Perdre un enfant in utero a des conséquences pour les parents, mais aussi pour les autres enfants de la fratrie. Il est donc important de leur accorder une attention particulière dans la traversée de cette épreuve. Tout deuil peut avoir des conséquences sur la vie des enfants qui y sont confrontés. Le deuil périnatal n’échappe pas à cette règle pour les aînés qui ont perdu un petit frère ou une petite sœur avant sa naissance. Corrine Charroy, psychologue clinicienne, a étudié les conséquences d’une fausse couche sur les enfants, nés ou à naître. Des conséquences négatives que l’on peut éviter en faisant attention aux signes de détresse des enfants.
Avez-vous déjà rencontré des enfants troublés à la suite d’une fausse couche ?
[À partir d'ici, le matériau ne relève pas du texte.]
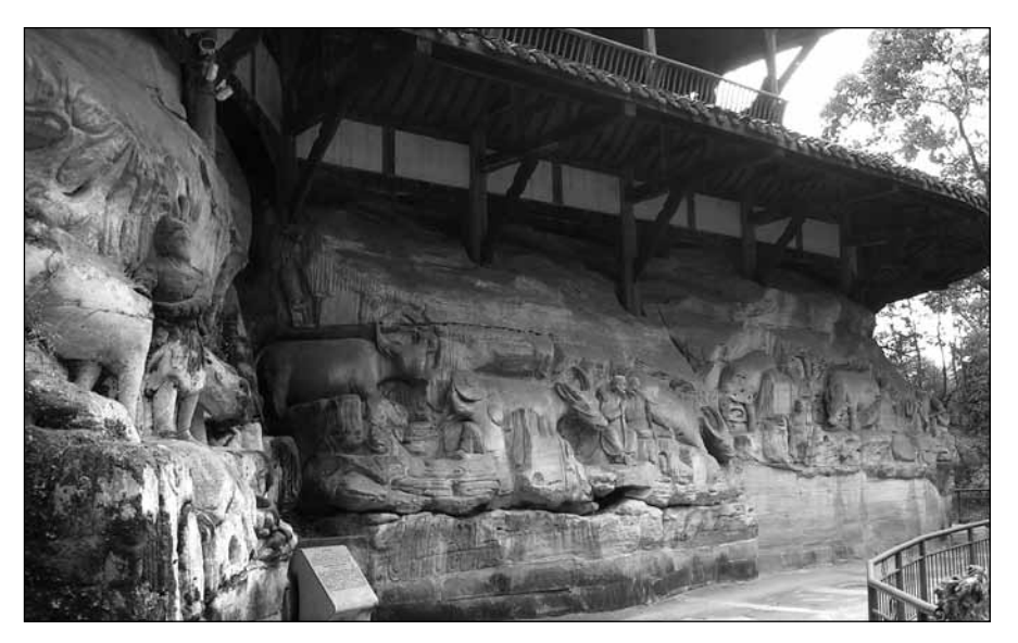
Figure 1. Oxhearding overview

around the mountainside of Dàfowan in awe. I was amazed at the scale, attention to detail, storytelling, and visceral effect of these Buddhist sculptures. Around one corner of the walkway, I was stuck by a series of oxherding pictures and verses(See Figure #1 ). Buddhist monk Zhào Zhìfèng carved this series of sculptures directly into the side of the mountain between 1179 and 1249 CE. <sup>16</sup> The ancient story of the ox and the herder can be traced back to the 3<sup>rd</sup> century BC, to the early Buddhist canon and the Agama scriptures. <sup>17</sup> Chan and Zen Buddhist scholars, teachers, and practitioners are continuously revitalizing these oxherding pictures and verses to convey the spiritual journey.
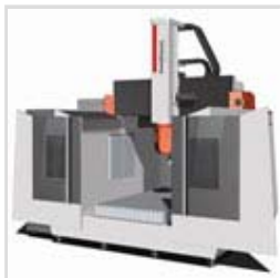
Handtmann Backlash-Free Gantry RS Handtmann CNC Technologies Inc

FeatureCAM's new version includes enhancements across the full range of functionality.
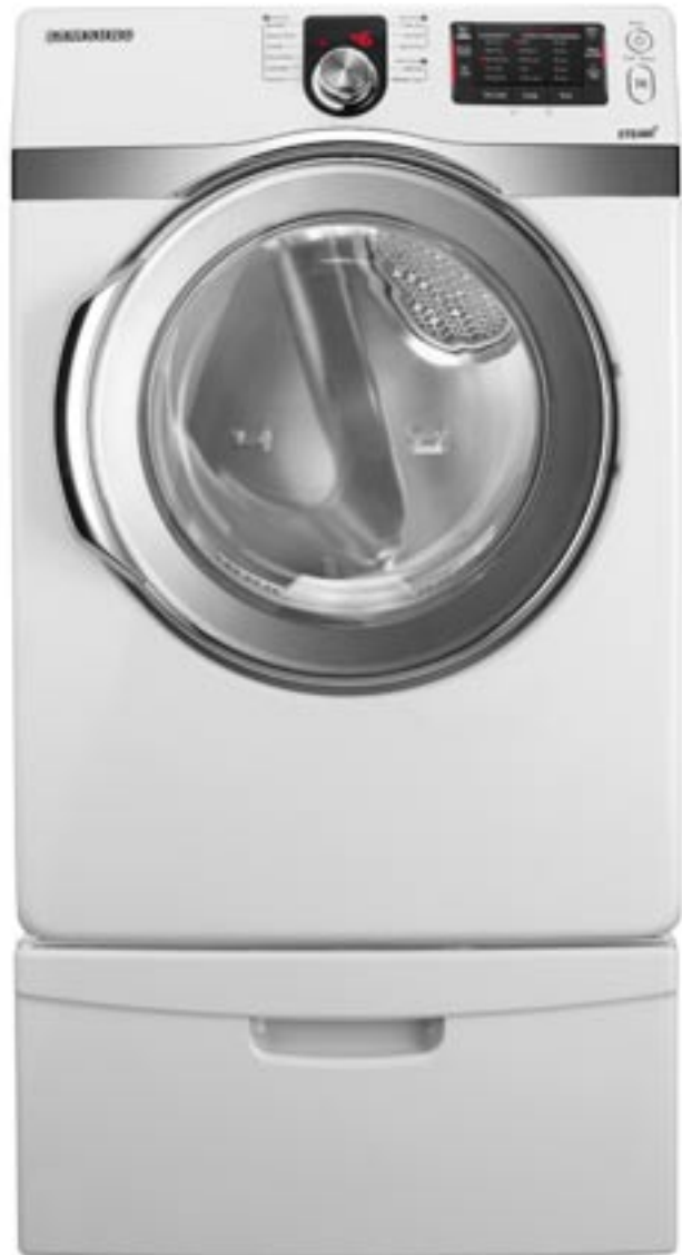
(Shown with optional pedestal)

Samsung Steam Dryers offer Steam Refresh and Steam WrinkleCare cycles, which use steam to reduce wrinkles and refresh clothing.

Corrine Charroy : Son incidence m’apparaît de plus en plus importante, selon sa position dans la fratrie, et surtout de la capacité de sa mère d’avoir fait le deuil de l’enfant décédé. Il arrive qu’un enfant né après une fausse couche souffre de troubles du comportement : agitation, colères, énurésie, troubles du sommeil…
À quoi les parents doivent-ils être attentifs ?
Il n’y a pas de raison de s’inquiéter si l’enfant ne manifeste pas de troubles particuliers. Attention à la culpabilité que peut développer un aîné encore petit, s’il n’était pas favorable à cette nouvelle naissance. Il a pu se sentir abandonné par sa mère et vivre une angoisse de séparation, nourrir des sentiments hostiles. Lorsque la mort survient, il peut croire qu’il en est responsable, s’il est proche de l’âge de la pensée magique. Aux parents de le rejoindre dans ses émotions et de l’aider à verbaliser : « Tu as pu être jaloux et c’est normal, ne t’en veux pas, ce n’est pas à cause de toi que le bébé est mort, ni à cause de maman ».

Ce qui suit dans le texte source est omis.